Mixed speech and noise were played through the loudspeaker at varying SNRs while the subject’s SRT was measured. Speech consisted of OLSA sentences39, with five words per sentence. These sentences are grammatically correct, without semantic cohesion. Each sentence was mixed with one of three types of noise: speech-shaped noise (original OLSA noise62), restaurant noise or traffic noise (both from our own datasets).

The noise level was fixed at 65 dB (SPL), while the speech level was adapted to determine the subject’s SRT according to the OLSA procedure. At the beginning the speech level was also at 65 dB (SPL) and was then adjusted according to the number of words correctly repeated. If three or more words were repeated correctly, the speech level was decreased (according to a lookup-table by 1, 2 or 3 dB). If fewer than three words were repeated correctly, the level was increased. One test consisted of 20 sentences. The corresponding increases and decreases in speech level are such that the target word error rate is 50%.

In our study we performed with each subject 6 blocks of 20 sentences with different noise conditions: (1) OLSA noise65; (2) OLSA noise filtered by denoising system; (3) restaurant noise; (4) restaurant noise filtered by denoising system; (5) traffic noise; (6) traffic noise filtered by denoising system. The noises were presented in random order, but always starting with unfiltered noise followed directly by the sequence with the denoising system applied. The first 10 sentences of each block were ignored to allow for adaptation to the new test condition. The resulting SRT for each block was computed by taking the mean dB (SPL) of the final 10 sentences for that block. The signal to noise ratio (SNR) was calculated by subtracting the speech level from the noise level (kept constant at 65 dB (SPL)).

The OLSA-Test requires each participant to be familiar with the procedure of the test. We therefore conducted a trial run with each subject before the measurements of the study.

During the measurements, each hearing impaired participant wore their own hearing aid, adjusted to their individual hearing profile.

Test environment

Subject testing took place in a soundproof room. The testing setup is shown in Extended Data Fig. S2. A loudspeaker, one meter away from the subject, plays the speech and interference signals binaurally while a calibrated audiometer (SD 50, SIEMENS Inc., Germany) controls the sound levels of the speech and interference signals. OLSA test sentences were played from a given CD (Hörtech Inc., Germany), which contains balanced/randomized sentences. Our deep learning based denoising system modifies the mixed signal and is transferred through the soundcard (UM C22, Behringer Inc., Germany) to the loudspeaker. The devices were calibrated in accordance with international standards (EN 60645-1/-2/-4, EN ISO 389-1/-2/-3/-4/-5/-7, ISO 389-8) before the start of the study and the resulting sound level pressure was measured and kept constant before each study day.

Statistical testing

The distributions of the test results (SRT) are presented throughout as box-and-whiskers plots (outliers, 5–95% percentiles, 25–75% quartiles, median, mean as small triangle). For a comparison with literature data presented as mean and standard deviation the median absolute deviation (MAD) was calculated as a measure of variability (MAD = Median {|× 1 − M|, |× 2 − M|, |× 3 − M|, . . .} where M is the median of the series of data {× 1, × 2, × 3, . . .}).
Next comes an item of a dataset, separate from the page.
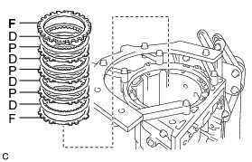 (c) Install the front planetary gear assembly and the one way clutch inner race to the case.

Statistical testing of SRT alterations between the two test conditions without or with the denoising system was performed with the Wilcoxon signed-rank test for matched pairs. To detect differences between several (more than 2) test conditions carried out with the same test group the Friedman test was used.

The comparison of test results between different test subjects was performed using the Mann–Whitney-U-test. In all tests a result of p < 0.05 was considered significant.